-- DATA FOR PROCESSING follows --

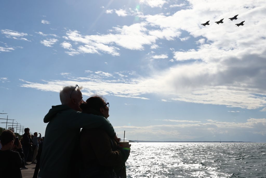 Όλοι όσοι βρέθηκαν κοντά στο παραλιακό μέτωπο έστρεψαν τα μάτια τους στον ουρανό για να θαυμάσουν τους άψογους σχηματισμούς.
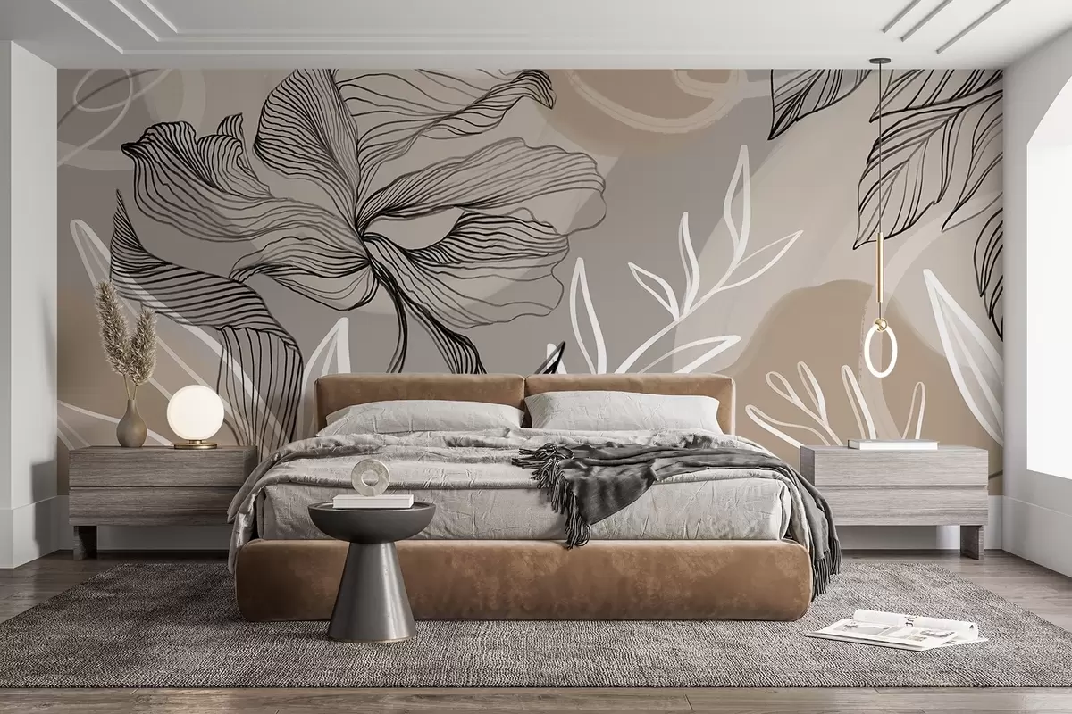 Fotobehang Elegante bloemenprint met grote abstracte lijnbloemen en bladeren in grijstinten en beige op een lichte achtergrond N° w08413
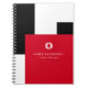 A professional notebook with a pop of colour in a simple yet bold red white and black colour block pattern makes a striking display with graphic appeal. Suitable for any type of business, there is a sample decorative logo on the front that you can replace with your logo or leave as is. Personalize with your name and title or other desired text.
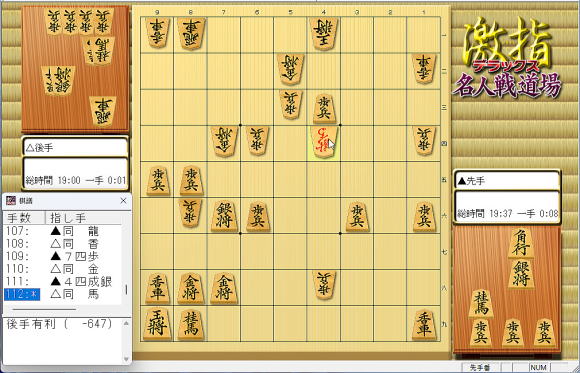 112手目 △4四同馬 の形勢判断は 後手有利 ( -647) となっています。
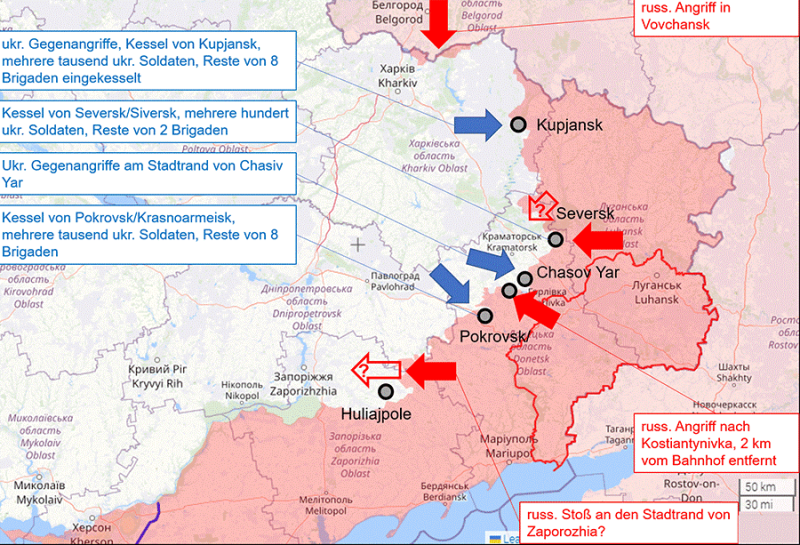 Das Tempo des russischen Vormarsches im Osten der Ukraine hat sich in den letzten Wochen merklich erhöht, fast täglich stoßen die Russen nun bis zu 5 km täglich vor und erobern auch größere Siedlungen mit einer Geschwindigkeit, die man so bisher nicht beobachtet hatte. Insgesamt haben die Russen in den letzten Tagen mindestens in drei Räumen ukrainische Gegenangriffe abgewehrt und ihrerseits an mehreren Orten angegriffen. Es ist davon auszugehen, dass die Russen die Angriffsvorbereitungen der Ukrainer erkannten und sich in der Lage fühlten, mit deren Gegenangriffen fertigzuwerden, ohne selbst Angriffe andernorts abbrechen zu müssen. Damit sind sie auch in den kommenden – möglicherweise entscheidenden Tagen – in der Lage, den militärischen Druck auf die Ukraine zu erhöhen. An mehreren Orten sind mittlerweile ukrainische Truppen im Umfang von mehreren tausend Mann eingeschlossen. Ihnen drohen Tod oder Gefangennahme. Diese ukrainischen Truppen in den Kesseln zu retten, dürfte neben Zeitgewinn derzeit das wichtigste Verhandlungsziel der ukrainischen Regierung sein.
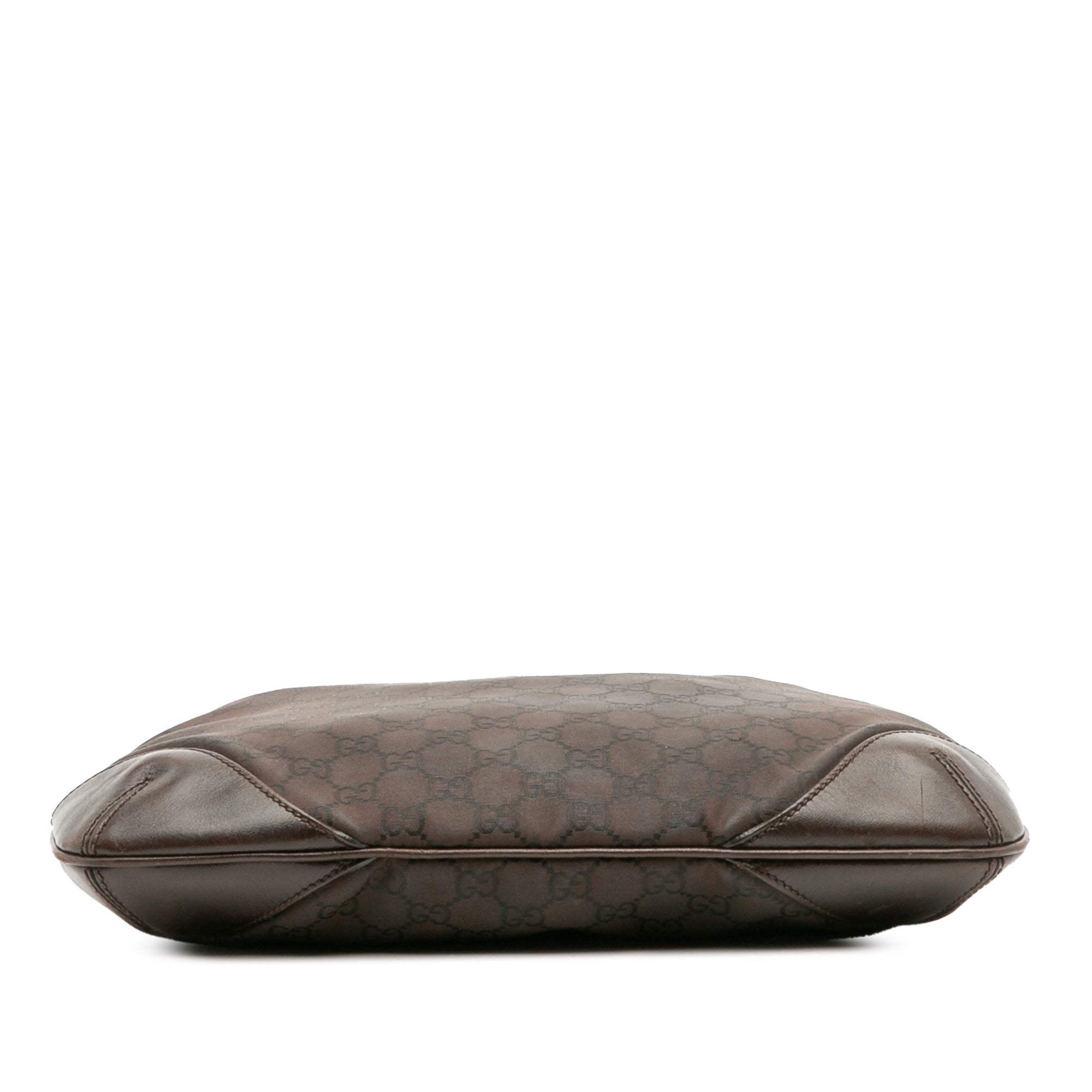 This shoulder bag features a canvas body with leather trim, a flat leather strap, an open top with a magnetic closure, and an interior zip pocket. Retail Price: 750.00

-- DATA FOR PROCESSING concluded --

## TASK INSTRUCTIONS
If a line falls between the first line of the records above and the line containing "Fotobehang Elegante bloemenprint", inclusive, retype it exactly; leave pictures out.

## WRITTEN SOLUTION
 Όλοι όσοι βρέθηκαν κοντά στο παραλιακό μέτωπο έστρεψαν τα μάτια τους στον ουρανό για να θαυμάσουν τους άψογους σχηματισμούς.
 Fotobehang Elegante bloemenprint met grote abstracte lijnbloemen en bladeren in grijstinten en beige op een lichte achtergrond N° w08413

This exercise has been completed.